* _Your instructions_: Begin with the first line of the entries below and reproduce each line exactly, ending with the line that holds "3. 거리 재기를 시작하려면, 지도".

* _Records drawn from a dataset_:
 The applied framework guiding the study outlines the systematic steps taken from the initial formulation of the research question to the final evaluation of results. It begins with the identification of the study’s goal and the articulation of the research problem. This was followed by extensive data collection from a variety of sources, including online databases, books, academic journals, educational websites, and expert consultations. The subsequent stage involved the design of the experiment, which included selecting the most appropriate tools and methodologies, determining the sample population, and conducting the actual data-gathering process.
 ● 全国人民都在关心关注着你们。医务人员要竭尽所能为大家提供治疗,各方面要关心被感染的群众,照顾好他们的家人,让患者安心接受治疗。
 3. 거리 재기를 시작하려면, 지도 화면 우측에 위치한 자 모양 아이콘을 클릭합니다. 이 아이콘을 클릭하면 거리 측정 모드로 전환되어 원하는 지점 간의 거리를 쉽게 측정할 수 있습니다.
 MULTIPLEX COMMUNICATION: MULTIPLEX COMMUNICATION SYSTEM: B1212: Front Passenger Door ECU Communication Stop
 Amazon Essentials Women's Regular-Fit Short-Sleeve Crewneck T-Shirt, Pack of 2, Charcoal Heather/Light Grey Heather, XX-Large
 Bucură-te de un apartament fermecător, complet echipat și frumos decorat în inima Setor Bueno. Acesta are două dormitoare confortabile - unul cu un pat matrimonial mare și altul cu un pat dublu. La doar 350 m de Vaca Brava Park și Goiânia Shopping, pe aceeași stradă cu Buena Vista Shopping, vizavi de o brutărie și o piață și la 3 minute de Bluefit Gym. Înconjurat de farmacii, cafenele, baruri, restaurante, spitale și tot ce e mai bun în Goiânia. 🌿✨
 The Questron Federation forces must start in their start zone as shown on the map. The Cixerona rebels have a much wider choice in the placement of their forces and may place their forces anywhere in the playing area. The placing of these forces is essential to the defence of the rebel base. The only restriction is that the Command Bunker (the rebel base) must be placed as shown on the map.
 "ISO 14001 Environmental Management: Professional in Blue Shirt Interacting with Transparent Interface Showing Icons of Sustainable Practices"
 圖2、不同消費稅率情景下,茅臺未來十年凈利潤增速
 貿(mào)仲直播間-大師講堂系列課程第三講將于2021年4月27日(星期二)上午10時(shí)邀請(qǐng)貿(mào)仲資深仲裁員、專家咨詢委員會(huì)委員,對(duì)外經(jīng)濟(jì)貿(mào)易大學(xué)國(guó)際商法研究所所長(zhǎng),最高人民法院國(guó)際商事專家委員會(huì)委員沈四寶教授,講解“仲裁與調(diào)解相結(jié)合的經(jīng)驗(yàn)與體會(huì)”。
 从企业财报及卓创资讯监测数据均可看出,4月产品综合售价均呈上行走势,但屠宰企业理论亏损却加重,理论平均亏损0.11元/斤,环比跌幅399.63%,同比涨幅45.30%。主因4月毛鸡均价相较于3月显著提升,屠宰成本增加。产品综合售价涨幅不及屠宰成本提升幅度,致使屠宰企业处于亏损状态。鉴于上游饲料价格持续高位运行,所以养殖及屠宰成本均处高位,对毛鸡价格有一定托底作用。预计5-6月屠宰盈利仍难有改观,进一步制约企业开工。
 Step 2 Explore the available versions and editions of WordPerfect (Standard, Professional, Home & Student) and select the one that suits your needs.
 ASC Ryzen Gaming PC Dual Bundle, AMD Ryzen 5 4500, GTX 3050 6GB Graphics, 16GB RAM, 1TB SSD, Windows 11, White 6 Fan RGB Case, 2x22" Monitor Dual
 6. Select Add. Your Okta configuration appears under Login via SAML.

* _Response area_:
 The applied framework guiding the study outlines the systematic steps taken from the initial formulation of the research question to the final evaluation of results. It begins with the identification of the study’s goal and the articulation of the research problem. This was followed by extensive data collection from a variety of sources, including online databases, books, academic journals, educational websites, and expert consultations. The subsequent stage involved the design of the experiment, which included selecting the most appropriate tools and methodologies, determining the sample population, and conducting the actual data-gathering process.
 ● 全国人民都在关心关注着你们。医务人员要竭尽所能为大家提供治疗,各方面要关心被感染的群众,照顾好他们的家人,让患者安心接受治疗。
 3. 거리 재기를 시작하려면, 지도 화면 우측에 위치한 자 모양 아이콘을 클릭합니다. 이 아이콘을 클릭하면 거리 측정 모드로 전환되어 원하는 지점 간의 거리를 쉽게 측정할 수 있습니다.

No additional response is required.